When a contractor leaves a project, the CI pipeline they built often continues to run using a long‑lived service‑account key that was checked into the repository. An internal AI‑driven automation later picks up that key, authenticates to GCP as a non-human identity, and starts provisioning resources without any human oversight. The organization now has a hidden, high‑privilege identity that can act anywhere the original contractor could.
The problem with shared service accounts
Shared service accounts are attractive because they provide a single credential that many jobs can reuse. In practice they become a single point of failure: the private key is copied to developer laptops, stored in CI secret stores, and sometimes even embedded in container images. When an AI agent or a compromised build server accesses that key, it inherits every permission granted to the account. Because the credential is static, there is no built‑in expiration, no context about who is invoking the request, and no audit trail that ties an action to a specific user or process. The result is a blind spot where privileged operations can be performed without visibility, approval, or any form of data protection.
Non-human identity improves credential hygiene, but leaves a gap
Adopting non-human identity, workload‑identity bindings, OIDC tokens, or short‑lived service‑account impersonation, eliminates the need to distribute long‑lived keys. Each workload receives a token that is scoped to its identity and expires automatically. This change solves the credential‑sprawl problem and reduces the risk of key leakage.

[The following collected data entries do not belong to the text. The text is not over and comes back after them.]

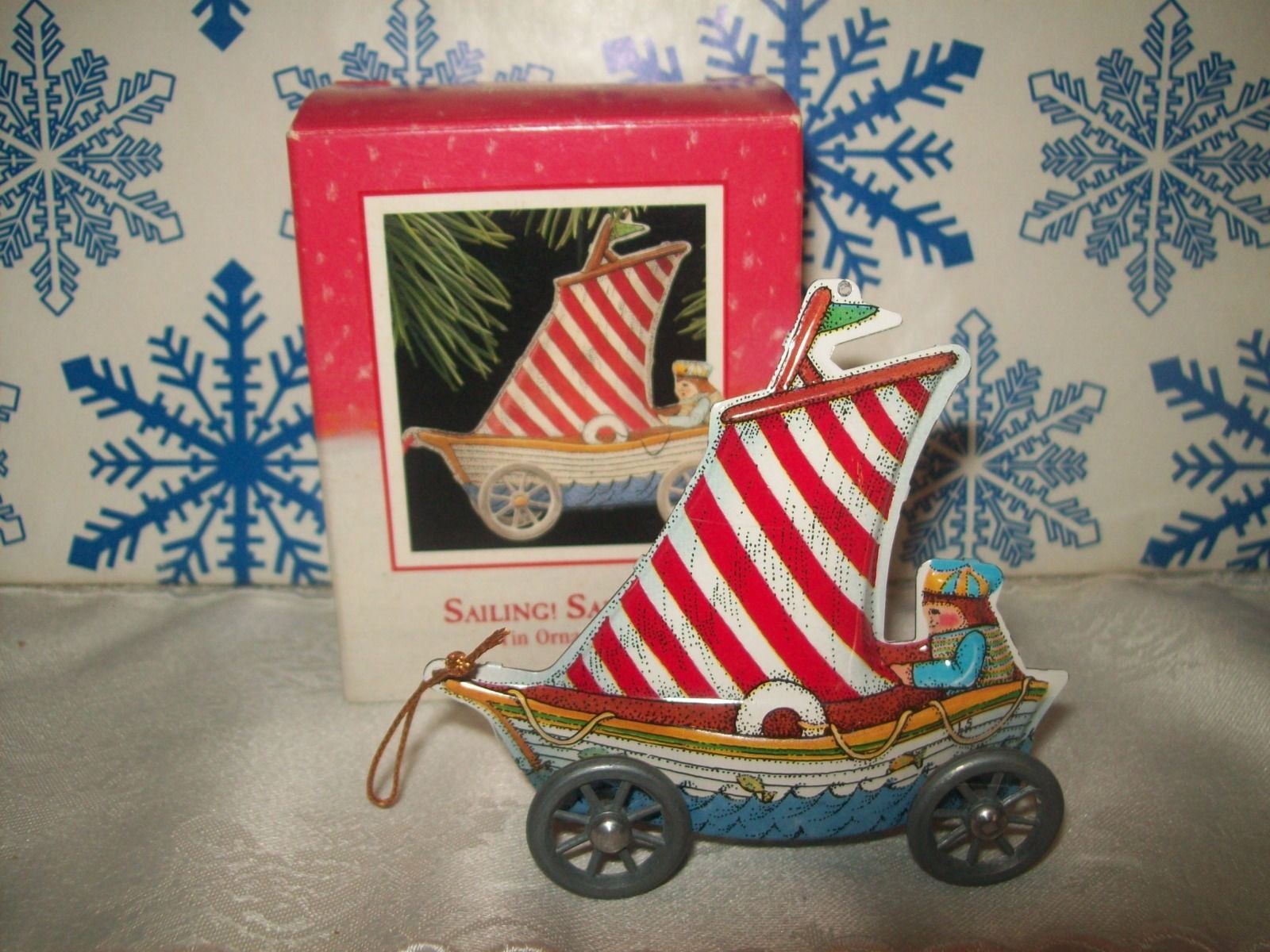 Title (ebay affiliate link): HALLMARK SAILING SAILING 1988 CHRISTMAS KEEPSAKE TIN ORNAMENTS SAILBOAT BOAT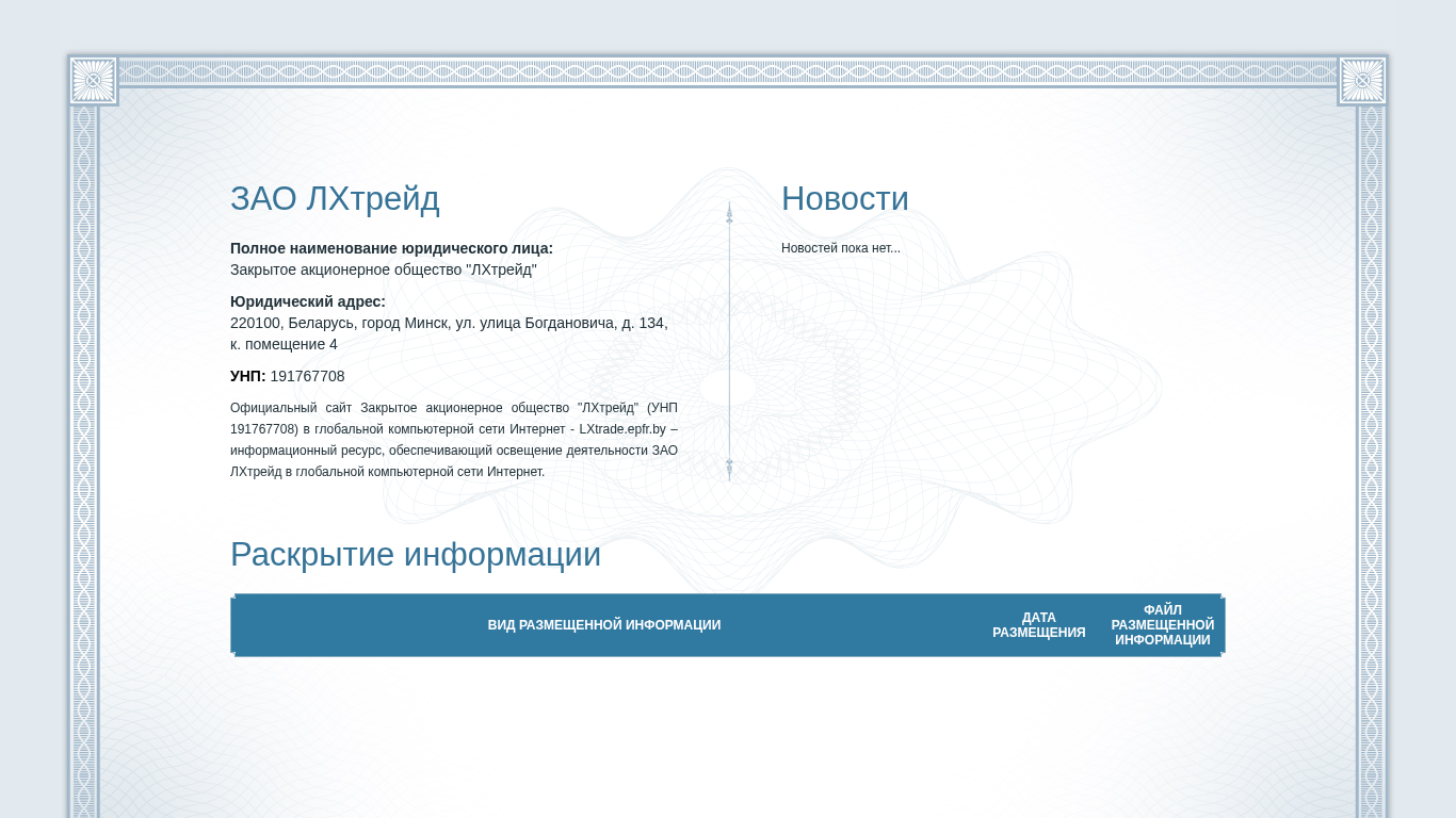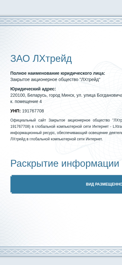 | AI-анализ | This online resource, LXtrade.epfr.by, is the informational website for Closed Joint-Stock Company "ЛХтрейд" (UNP 191767708), located in Belarus, Minsk, Ul. Bogdanovich, 134, k. 4. The website provides information about the company's activities in the global computer network Internet. It includes news, registration, login, email, and password features. The official email address for accessing the personal cabinet is provided, along with a password recovery function. The website was developed by epfr.by.  |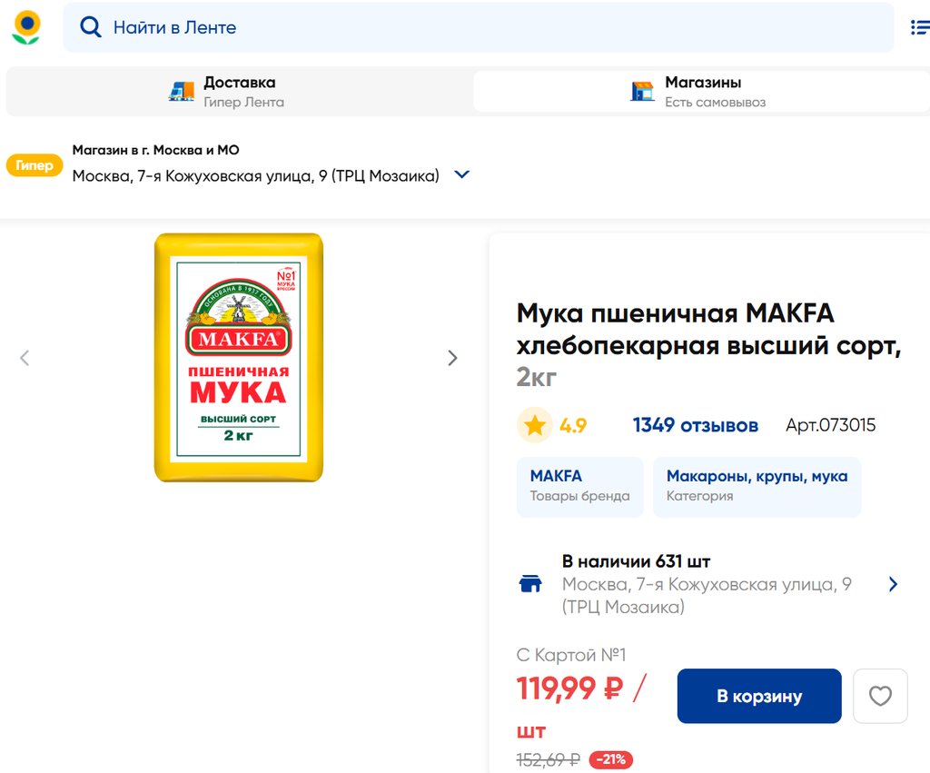 Мука пшеничная MAKFA хлебопекарная высший сорт, 2кг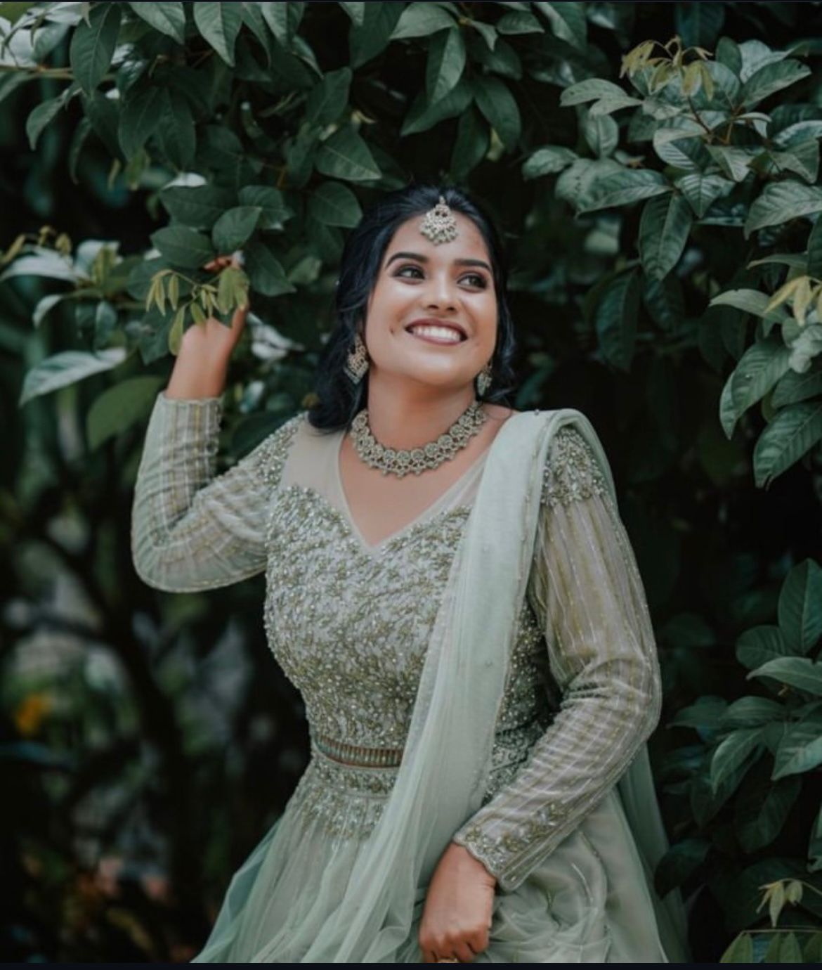 Pista Green Silk Lehenga: Luminous, gravity-defying silk with shimmering Zari code. Your avatar’s perfect heirloom for virtual festive events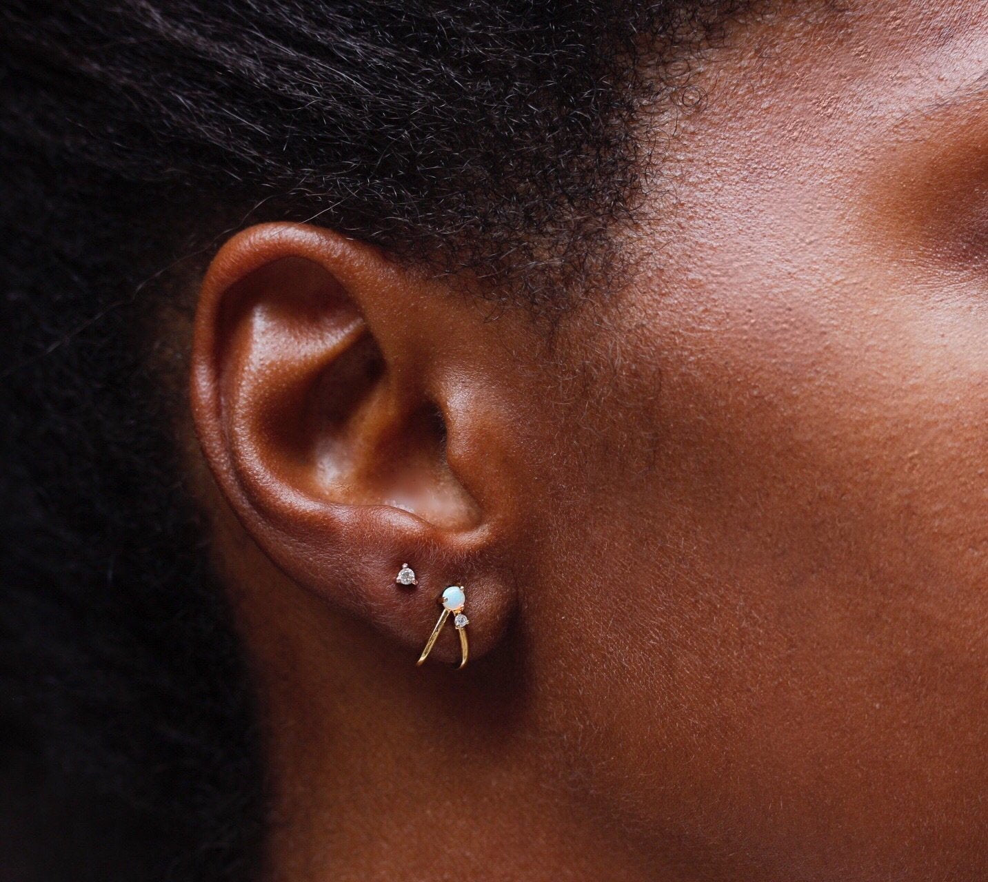 The unique shape of these earrings draw in the eye and delight the ear. Opals, cz trim and gold add elegant finishes and sparkle.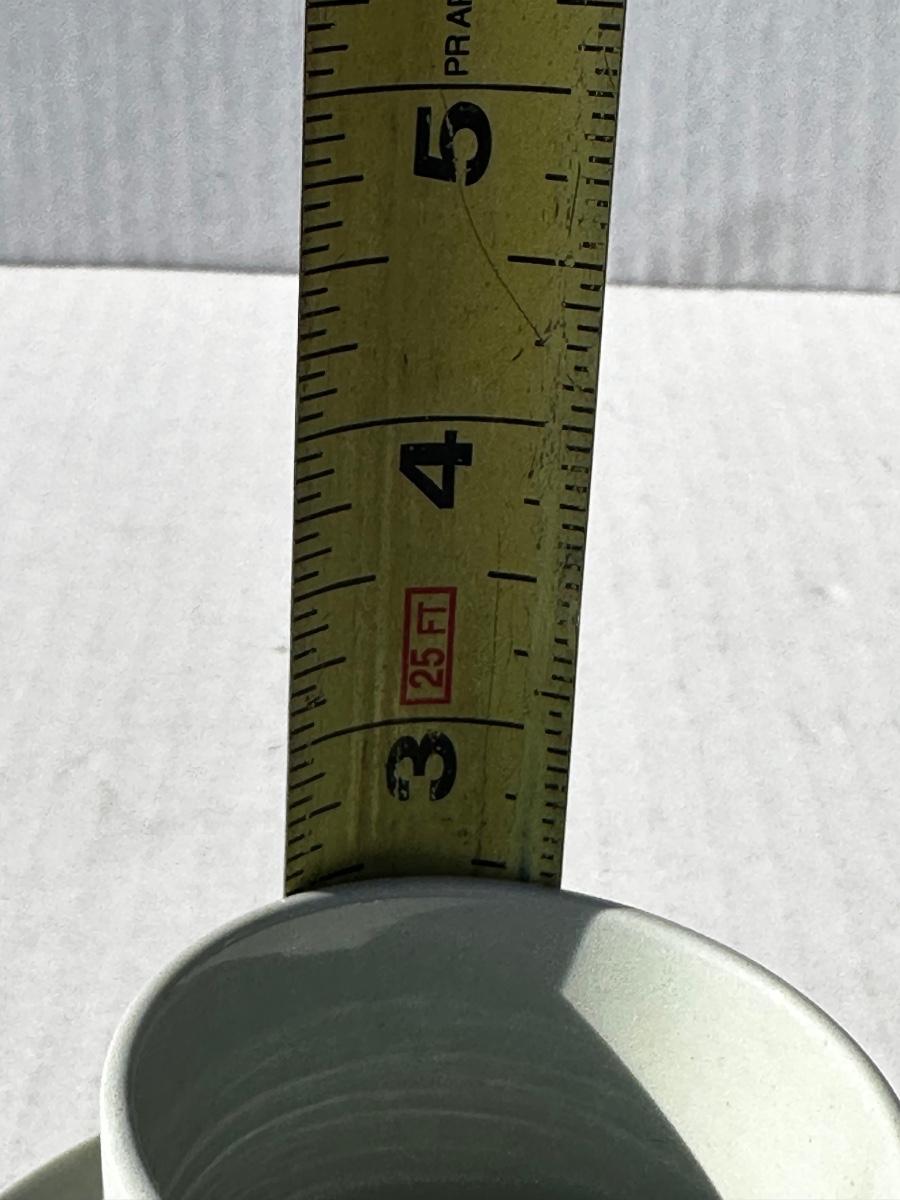 MEASURES 2 1/2" TALL X 2 1/4" DIAMETER (CUP), 4 3/4" DIAMETER X 3/4" HIGH (SAUCER).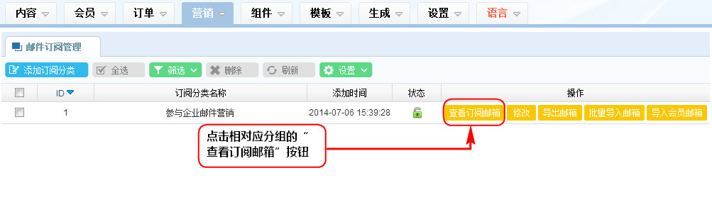 1、在郵件訂閱列表區(qū),點擊相對應分組的“查看訂閱郵箱”按鈕;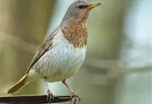 赤颈鸫是鸫科、鸫属中型鸟类,体长22-25厘米。上体灰褐色,有窄的栗色眉纹。颏、喉、上胸红褐色,腹至尾下覆羽白色,腋羽和翼下覆羽橙棕色。虹膜暗褐色,嘴黑褐色,下嘴基部黄色,脚黄褐色或暗褐色。…全部>>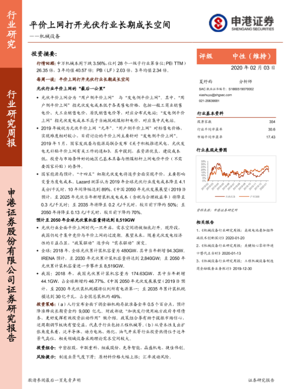 【申港证券】【20200203】20200203-申港证券-机械设备行业研究周报:平价上网打开光伏行业长期成长空间-16页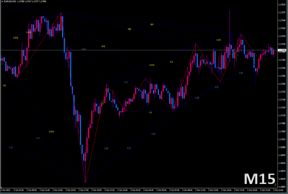 - 各脚のフィボ比率を計算し、PRZ(Potential Reversal Zone=反転候補帯)を表示します。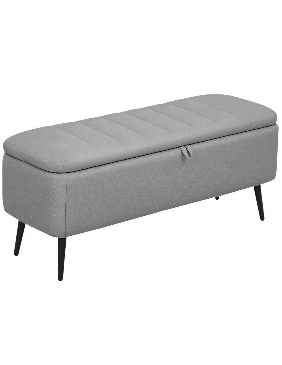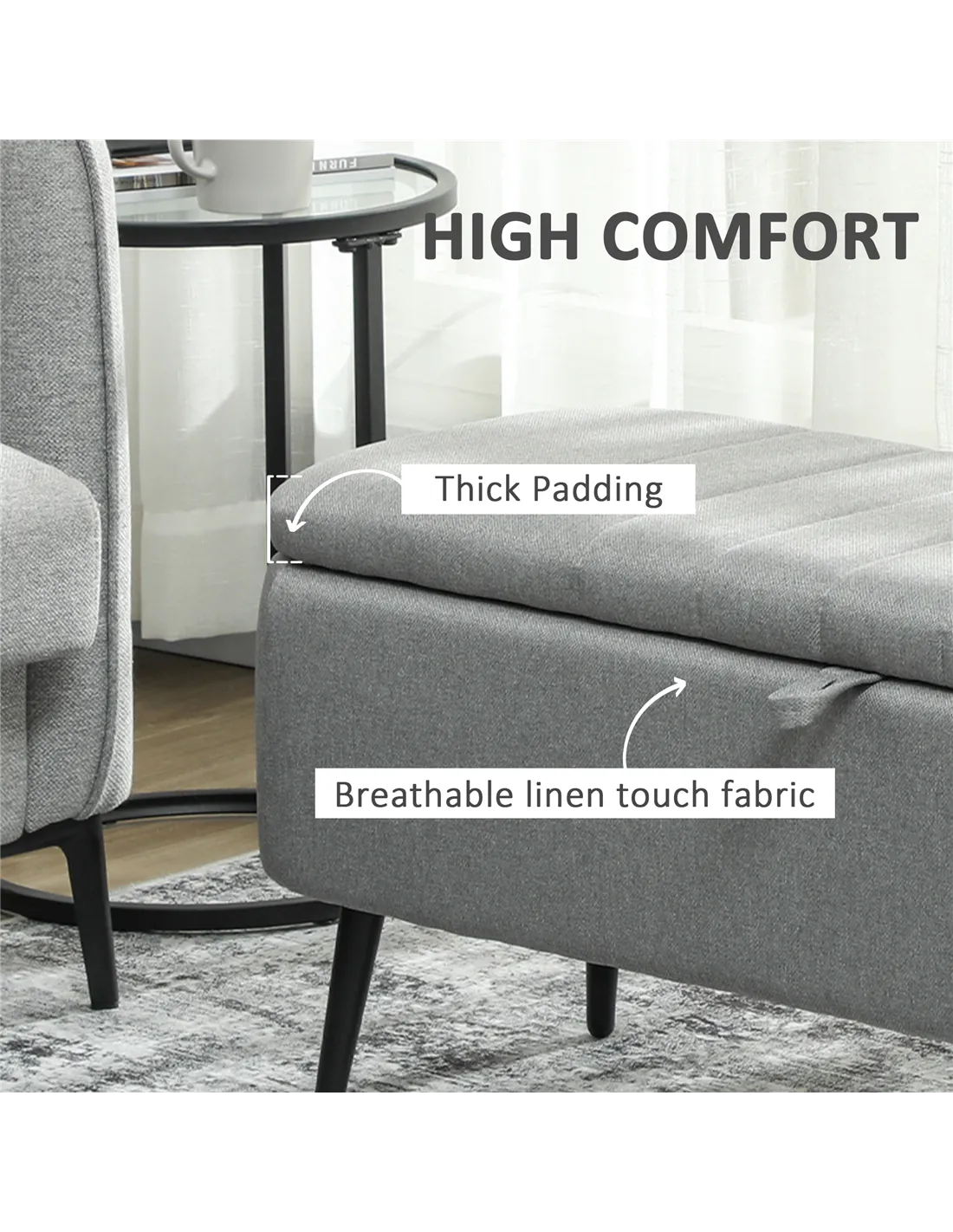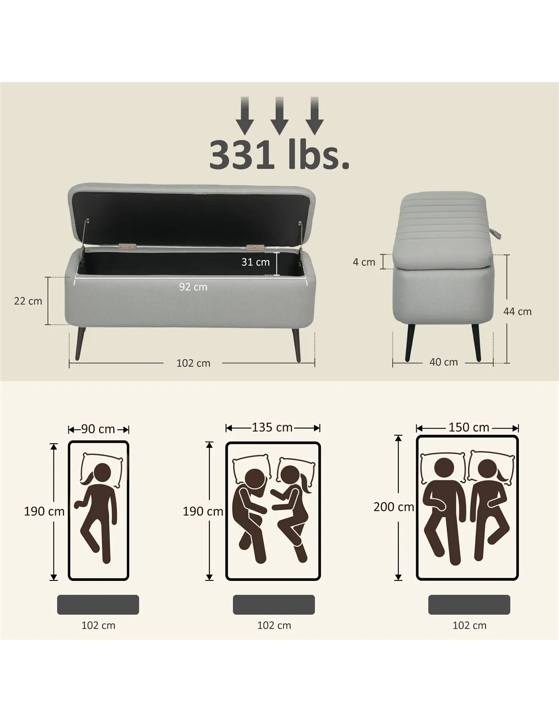 HOMCOM 92 x 31cm Linen-Look Storage Ottoman - Light Grey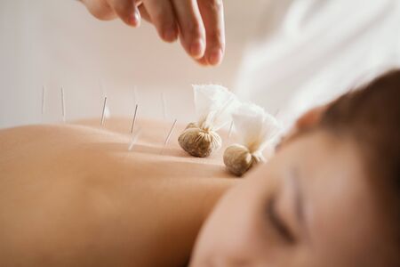 Close-up of senior female back with steel needles during procedure of the acupuncture therapy
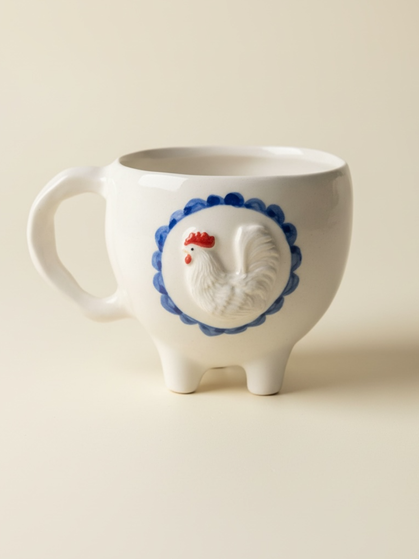 Очаровательная кружка на ножках с объёмным изображением курочки — настоящий символ уюта и деревенского тепла,  от петербургского бренда- Быкова керамика.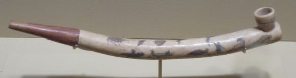 Shown above is an Inupiaq pipe made about 1900 from ivory, wood, and paint. The art work on the pipe shows a walrus hunt in which the hunter appears to be using an atlatl. This pipe is about eight inches in length. This is on display in the Portland Art Museum.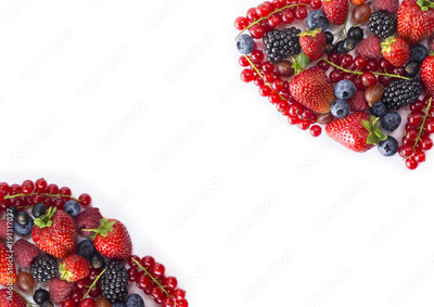 Black-blue and red food on white background. Mixed berries with copy space for text. Various fresh summer berries on white background. Top view.

However, the token still travels directly from the workload to the target GCP service. The request bypasses any enforcement point that could record the operation, mask sensitive response fields, or require a human approval for risky actions. Non-human identity alone does not give you a central place to apply command‑level policies, capture a replayable session, or enforce inline data redaction. In other words, the request reaches the target unobserved, and the organization loses the same audit and control benefits it had when using shared service accounts.
Putting enforcement in the data path with hoop.dev
hoop.dev is a Layer 7 gateway that sits between identities and GCP resources. By proxying connections to databases, Kubernetes clusters, SSH endpoints, and HTTP APIs, hoop.dev becomes the only place where traffic can be inspected and controlled.